▸ **Provided data**:
-------------------------

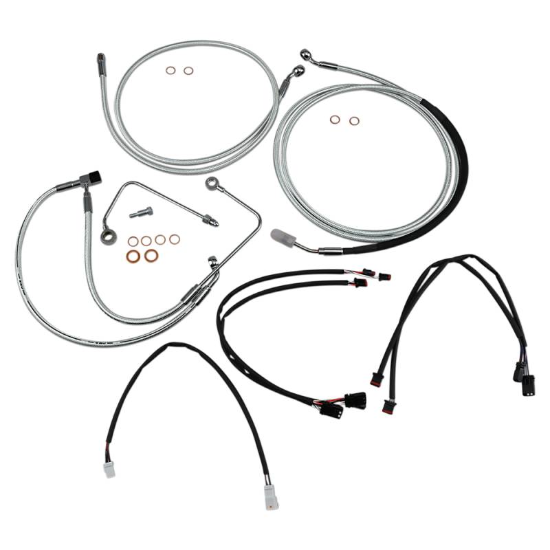 Kits include throttle and idle cables (except 08-15 Dressers), clutch cable or hydraulic clutch line, front brake lines, copper crush washers, hardware and correctly colored wiring extensions with OE-style connectors and shrink tube
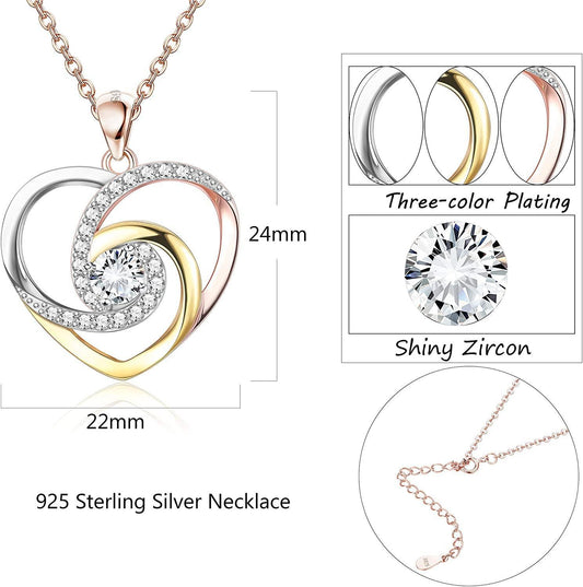 925 Sterling Heart Pendant Necklace for Women Girls Women's Necklace CZ Three-Color Plating Heart Necklace Valentine for Women
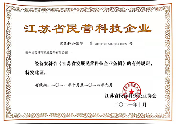 省級民營企業科技證書
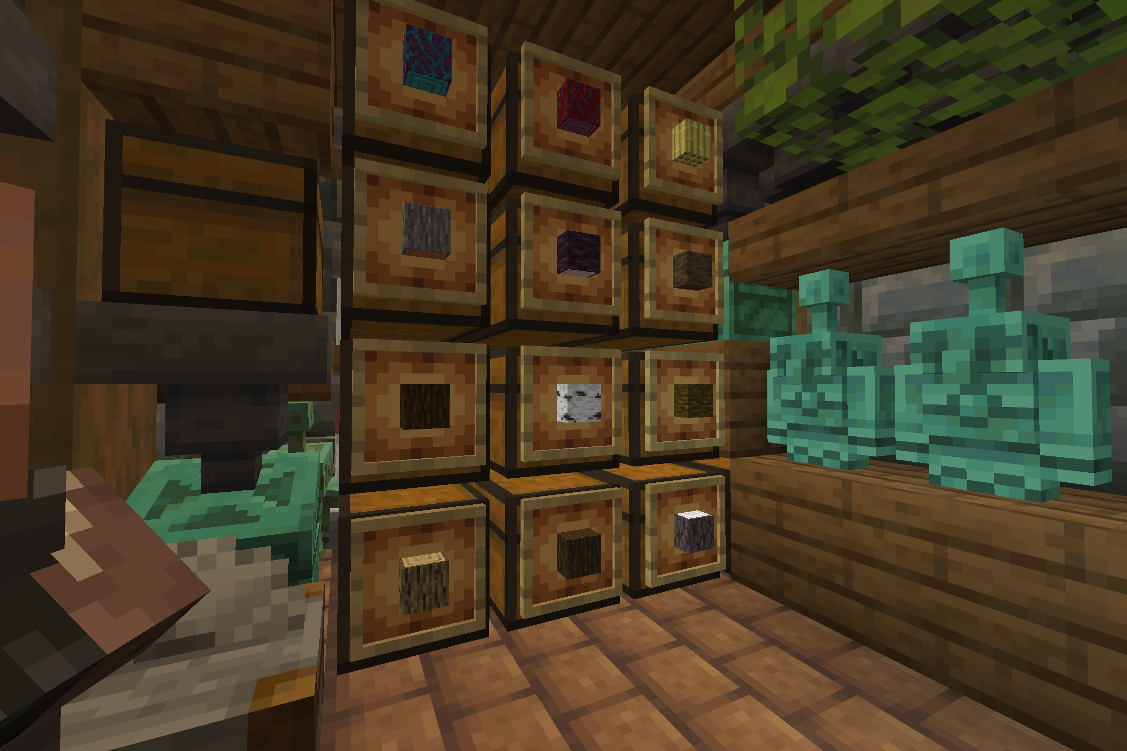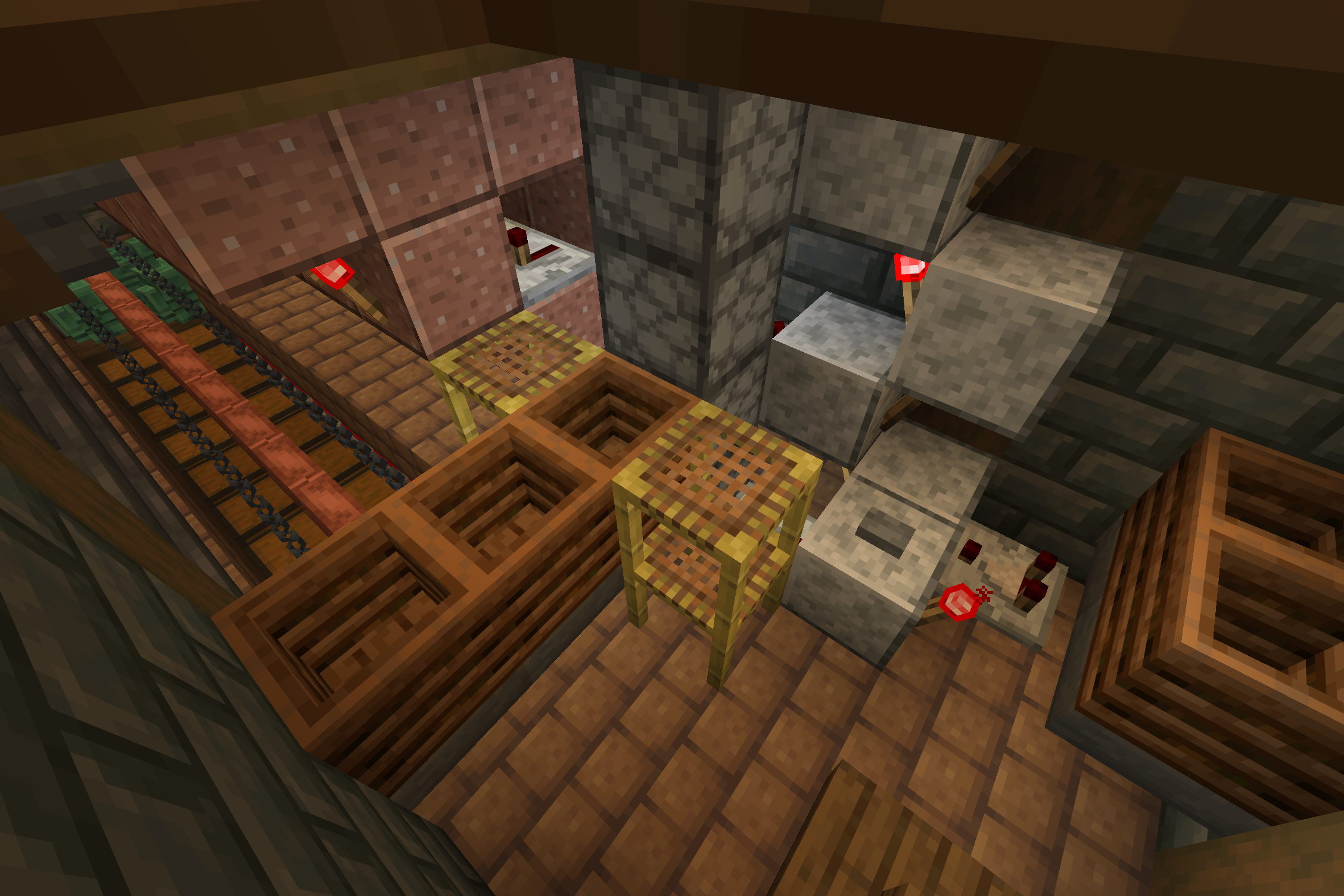 >>558392771The second sorter on the first floor uses a sorter of my own design where two golems walk back and forth on two levels behind a stack of chests. I did it this way because I wanted each type of wood to have it's own chest. Also because this is what I could fit into this space (I built this building before the copper age, and then re-built the interior with copper golem sorters).[3/7]

-------------------------

Keep the pictures out while you retype all of the data above exactly as it appears.

 Kits include throttle and idle cables (except 08-15 Dressers), clutch cable or hydraulic clutch line, front brake lines, copper crush washers, hardware and correctly colored wiring extensions with OE-style connectors and shrink tube
 925 Sterling Heart Pendant Necklace for Women Girls Women's Necklace CZ Three-Color Plating Heart Necklace Valentine for Women
 省級民營企業科技證書
 >>558392771The second sorter on the first floor uses a sorter of my own design where two golems walk back and forth on two levels behind a stack of chests. I did it this way because I wanted each type of wood to have it's own chest. Also because this is what I could fit into this space (I built this building before the copper age, and then re-built the interior with copper golem sorters).[3/7]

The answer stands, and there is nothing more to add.